Ringfort (Rath), Rosnamulteeny, Co. Tipperary
Co. Tipperary |
Ringforts
On an upland slope in County Tipperary, facing gently south-east, sits a ringfort whose outer bank may tell two stories at once, one ancient and one considerably more recent.
A ringfort, or rath, is a roughly circular enclosure defined by an earthen bank and ditch, built during the early medieval period as a defended farmstead. Thousands survive across Ireland, but this one at Rosnamulteeny carries an unusual complication: the outer bank, which is faced internally with stone, may not be early medieval at all.
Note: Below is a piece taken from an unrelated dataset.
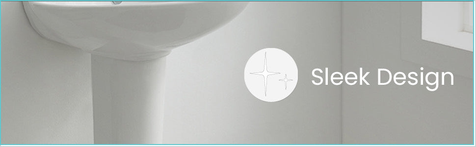PEDESTAL SINK: This practical wall mount sink includes a pedestal for additional support. The pedestal also conceals the sink drain.

The enclosure measures twenty-six metres in diameter and is defined by an earth and stone bank, modest in scale, rising about half a metre on the interior and just under a metre on the exterior side, with an outer fosse, or ditch, three metres wide and half a metre deep running around it. The entrance gap, just over three metres wide, opens to the south-east. That much fits the typical pattern of an Irish rath. The complication lies in the outer bank with its stone facing, which archaeologists have suggested may date instead to the nineteenth century, constructed as a field boundary in connection with a farmhouse nearby. The possibility that a later farmer quietly incorporated or remodelled part of an older monument into a working boundary is not unusual in the Irish landscape, where ancient earthworks were often pressed into practical service without anyone recording the fact. A second ringfort lies a short distance to the south, making this part of Rosnamulteeny a cluster of early medieval activity, whatever the precise date of the disputed stonework.